3.3.4 Implementation details
Our Atropos logical volume manager implementation
is a stand-alone process that accepts I/O requests via
a socket. It issues individual disk I/Os directly to the
attached SCSI disks using the Linux raw SCSI device
/dev/sg. With an SMP host, the process can run on a
separate CPU of the same host, to minimize the effect on
the execution of the main application.
An application using Atropos is linked with a stub library
providing API functions for reading and writing.
The library uses shared memory to avoid data copies and
communicates through the socket with the Atropos LVM
process. The Atropos LVM organization is specified by
a configuration file, which functions in lieu of a format
command. The file lists the number of disks, p, the desired
block size, b, and the list of disks to be used.

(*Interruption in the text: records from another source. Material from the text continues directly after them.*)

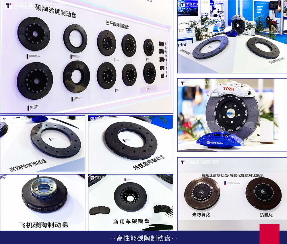 展會現(xiàn)場,天宜上佳精心設置了零距離產(chǎn)品品鑒區(qū),集中展示了核心產(chǎn)品長纖碳陶涂層制動盤、長纖碳陶制動盤和短纖碳陶制動盤等,這些產(chǎn)品不僅應用于新能源汽車,還適用在高鐵、地鐵、飛機、商用車等多場景領域;展區(qū)還特別設置了碳陶盤在高溫下防氧化燒蝕性能對比展示,凸顯在1000℃高溫工況下的盤基體碳纖維無氧化燒蝕的優(yōu)異表現(xiàn)。憑借先進的技術工藝與過硬的產(chǎn)品實力,天宜上佳展位吸引了眾多國內外客戶、同行的高度關注,并就技術細節(jié)與合作推廣進行了深入探討。
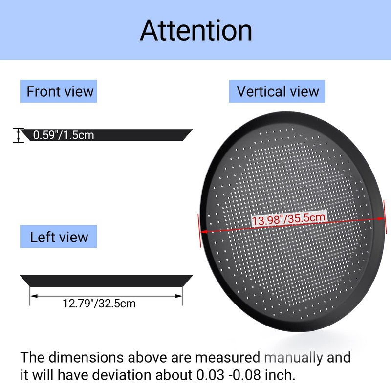 ★ Multiple holes on the bottom, which can let the air pass through and makes your pizza crust nice and crispy.
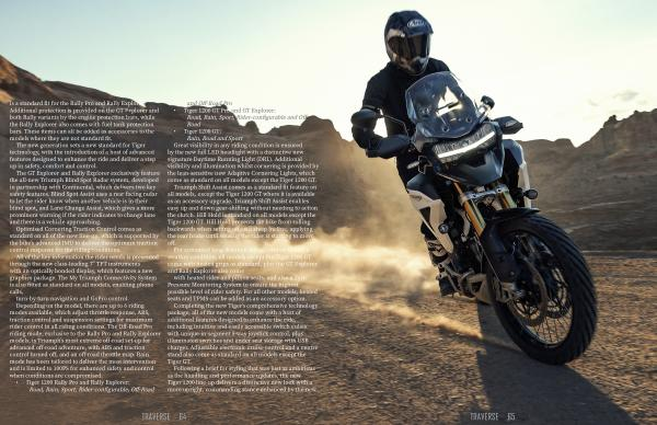 • Tiger 1200 GT Pro and GT Explorer : Road , Rain , Sport , Rider-configurable and Off- Road
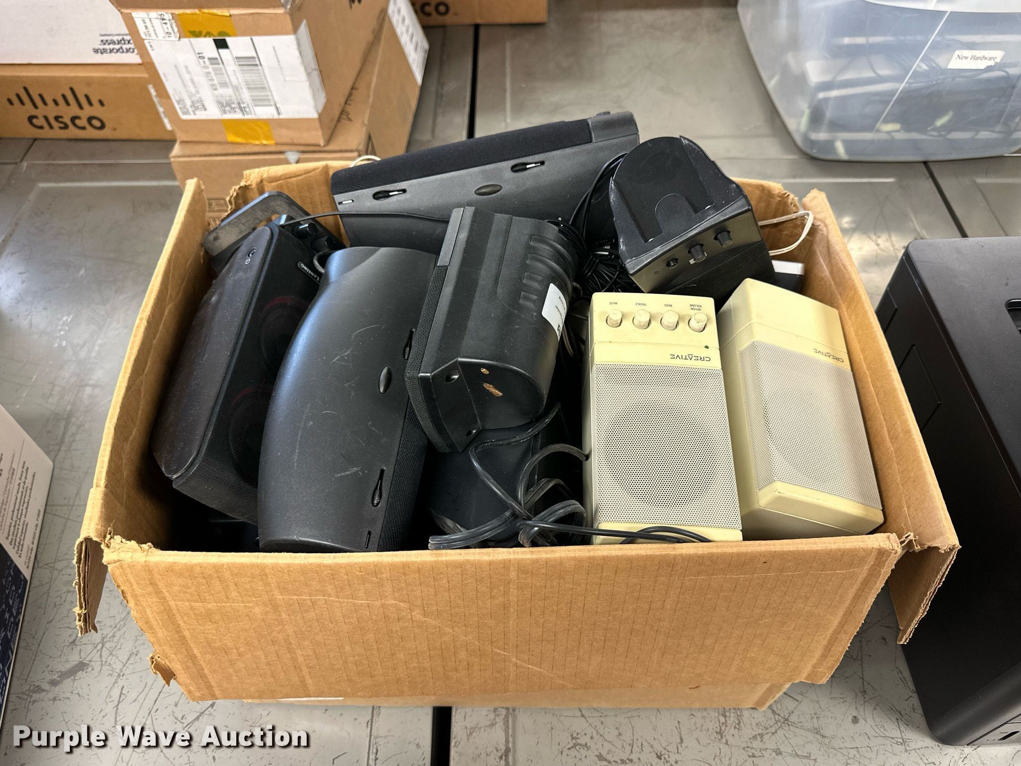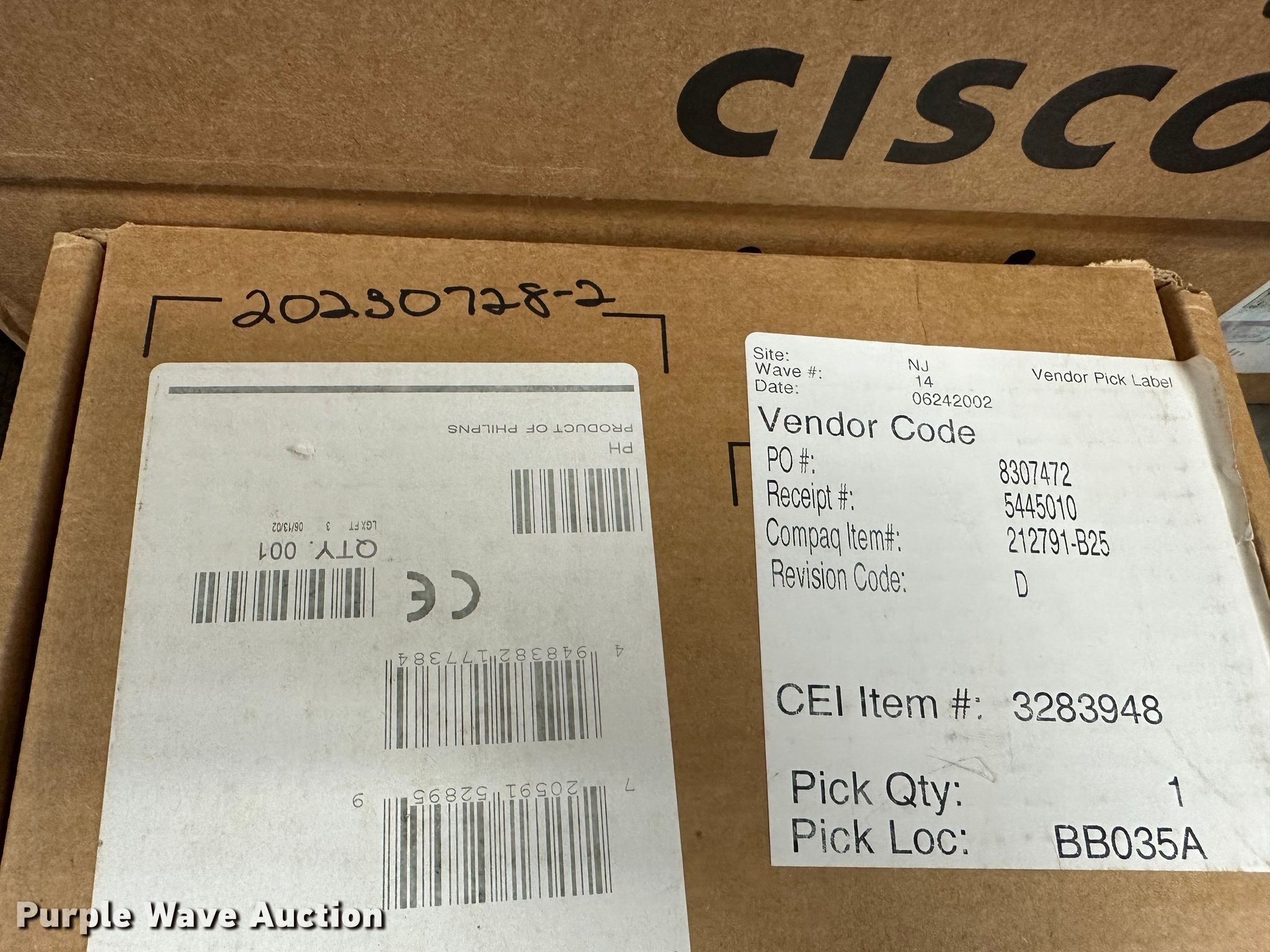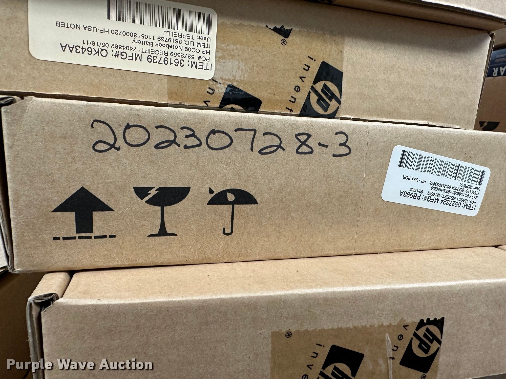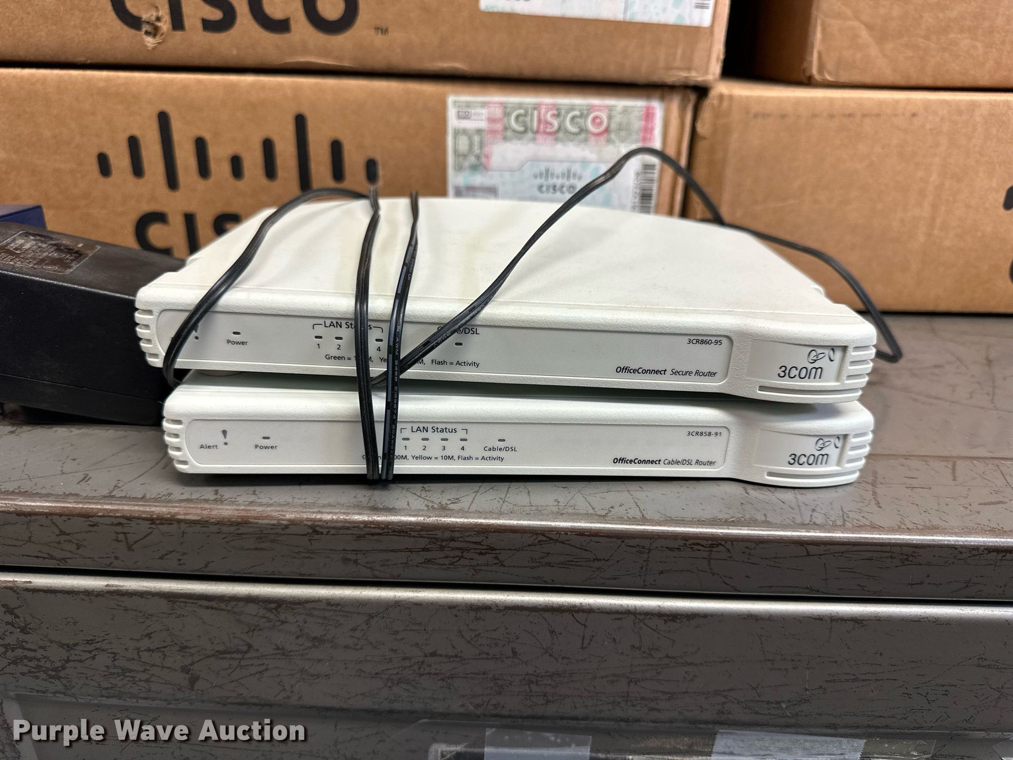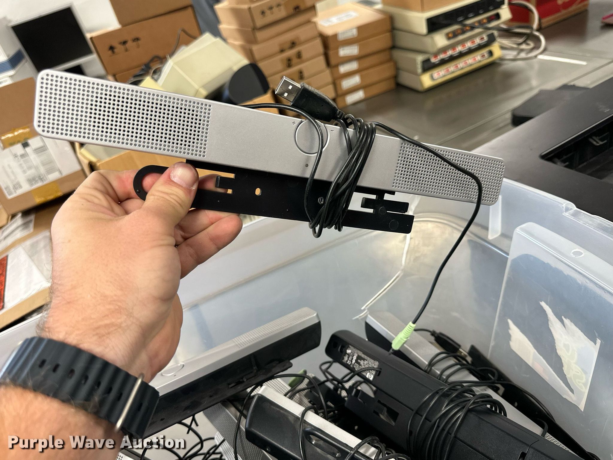 Purple Wave is selling a used Electronics in Kansas. This item is a Electronics with the following: (5) Axis 70U network document servers, (5) HP PB994A batteries, (7) HP PB992A batteries, HP PB993A battery, (7) HP QK643AA batteries, (18) NX 9600 180W AC adapters, (3) Sierra Airlink LS300, (3) Raven X wireless V4228, (7) DSL routers, (4) sets of speakers, (59) HP speaker bars, (8) Tarsus port hubs, (7) HP four port USB hubs, Armada HDD BAY, (30) DVI cables, (31) power supplies, (4) computer power controls, Netgear FA300, (6) Netgear eight port hubs, (2) HP Jetdirect300x, (2) HP Jetdirect175x, Jabara GN9330E, (19) wall adapters, (2) Linksys Wireless G access point WAP54G, (2) Linksys WPC54G, Laptop monitor stand, HP XB2000 Notebook expansion base, Intel five port hub, KDOT ID: D3-23101703
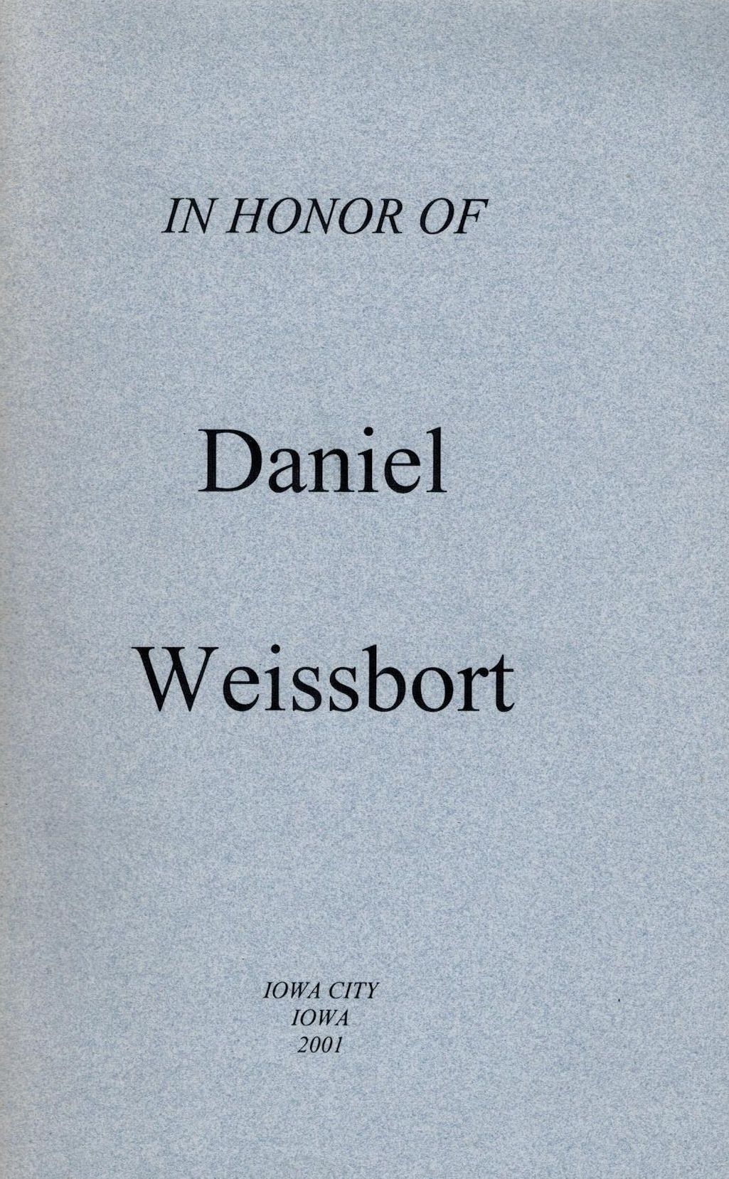 Шифр: 2/9б Weissbort Daniel In Honor of Daniel Weissbort. Iowa City, 2001. - 56 p. Аннотация: Presented on the occasion of the second annual Paul Engle Festival of the International Writing Program at the University of Iowa, October 12-14, 2001, in celebration of Daniel Weissbort's years of service, inspiration, persistence, and good spirits as Director of the Translation Worshop and the M. F. A. degree in Translation, Department of Cinema and Comparative Literature. Источник поступления: Собрание В.П. Полухиной. Рубрики: Зарубежная поэзия и проза
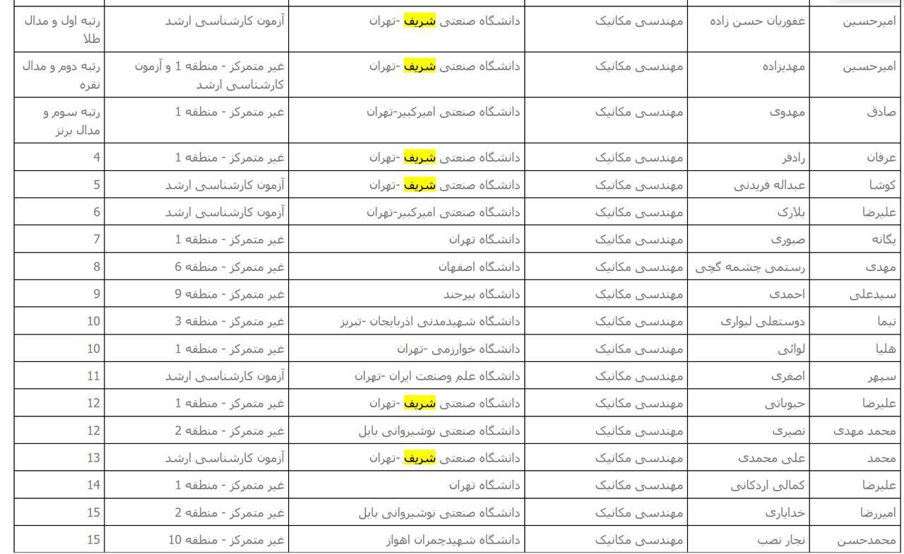 المپیاد دانشجویی مکانیک در تسخیر دانشجویان شریف اخیرا نتایج المپیاد دانشجویی ۱۴۰۲ در رشته مهندسی مکانیک اعلام شد. بر این اساس رتبههای اول و مدال طلا، رتبه دوم و مدال نقره، رتبه چهار و رتبه پنج...
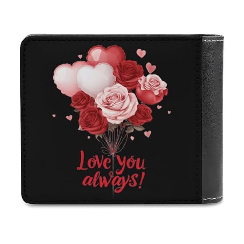 Valentines Love You Always Cute Slim Bifold Wallet for Men Stylish Front Pocket Purse with Card Holder Slots 3
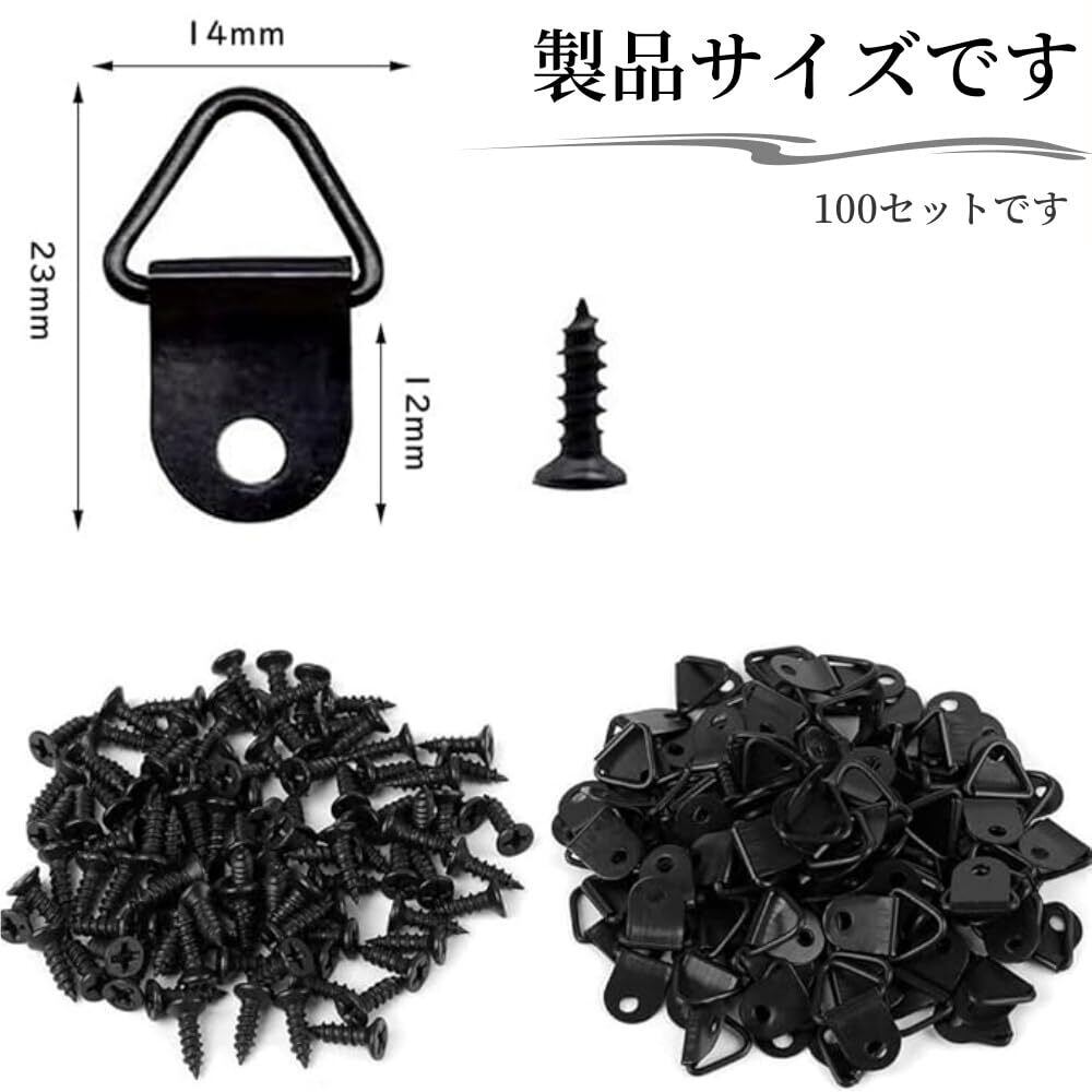 Jindizi 三角吊りカン 壁掛けフック ,100個セット 木ネジ付き 額掛け金具 フック 額吊り金具 額縁工作用金具 三角吊りカン,絵画/工芸品などに展示 (ブラック)
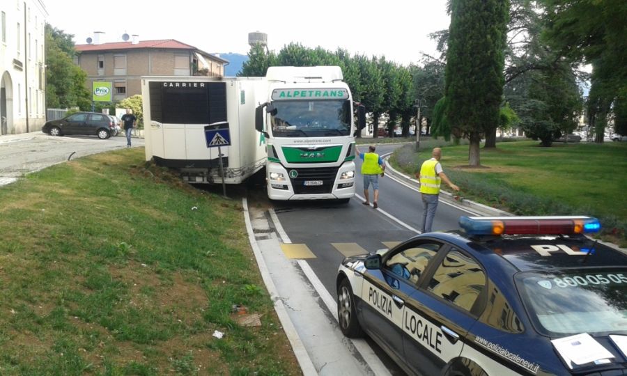 Gli agenti della polizia locale Nord Est Vicentino del distaccamento di Sandrigo, giunti alle 7,30 in via Munari dopo una chiamata che segnalava un incidente a un tir non credevano ai loro occhi: un autoarticolato non solo aveva attraversato piazza de Fabris nonostante il divieto esistente, ma nell’imboccare la semicurva di via Munari, aveva perso il semirimorchio, che aveva finito la sua corsa nel terrapieno presente lungo il margine della strada. L’autista, il 44enne bulgaro T.M.D. si era evidentemente dimenticato di agganciare il semirimorchio.
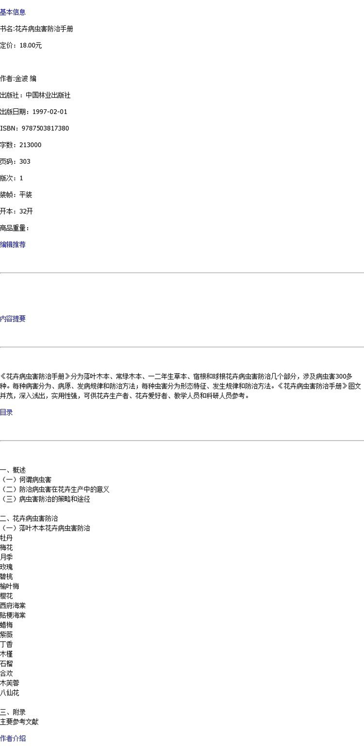 花卉病虫害防治手册1738 金波 中国林业出版社
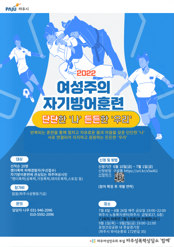 이 프로그램은 2022년 파주시 성평등기금 공모사업 선정단체 중 하나인 파주성폭력상담소 ‘함께’ 주관으로 진행되며 여성이 일상에서 마주하는 폭력상황에 대처하는 역량을 강화해 적극적인 대응을 할 수 있도록 하는 훈련이다.
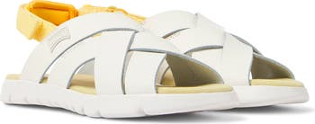 A padded slingback strap and a flexible sole bring kid-approved comfort to a sporty sandal topped with woven crisscross straps.

For convenience, the interface stub also includes three
functions. The function get boundaries(LBN) returns
the stripe unit boundaries between which the given LBN
falls. Hence, these boundaries form a collection of w
contiguous LBNs for constructing efficient I/Os. The
get rectangle(LBN) function returns the wp contiguous
LBNs in a single row across all disks. These functions
are just convenient wrappers that calculate the proper
LBNs from the w and p parameters. Finally, the stub
interface also includes a batch() function to explicitly
group READ and WRITE commands (e.g., for semi-sequential
access).
With no outstanding requests in the queue (i.e., the
disk is idle), current SCSI disks will immediately schedule
the first received request of batch, even though it may
not be the one with the smallest rotational latency. This
diminishes the effectiveness of semi-sequential access.
To overcome this problem, our Atropos implementation
“pre-schedules” the batch of requests by sending first the
request that will incur the smallest rotational latency. It
uses known techniques for SPTF scheduling outside of
disk firmware [14]. With the help of a detailed and validated
model of the disk mechanics [2, 21], the disk head
position is deduced from the location and time of the
last-completed request. If disks waited for all requests
of a batch before making a scheduling decision, this prescheduling
would not be necessary.
Our implementation of the Atropos logical volume
manager is about 2000 lines of C++ code and includes
implementations of RAID levels 0 and 1. Another 600
lines of C code implement methods for automatically extracting
track boundaries and head switch time [22, 26].
4 Efficient access in database systems
Efficient access to database tables in both dimensions
can significantly improve performance of a variety of
queries doing selective table scans. These queries can request
(i) a subset of columns (restricting access along the
primary dimension, if the order is column-major), which
is prevalent in decision support workloads (TPC-H), (ii)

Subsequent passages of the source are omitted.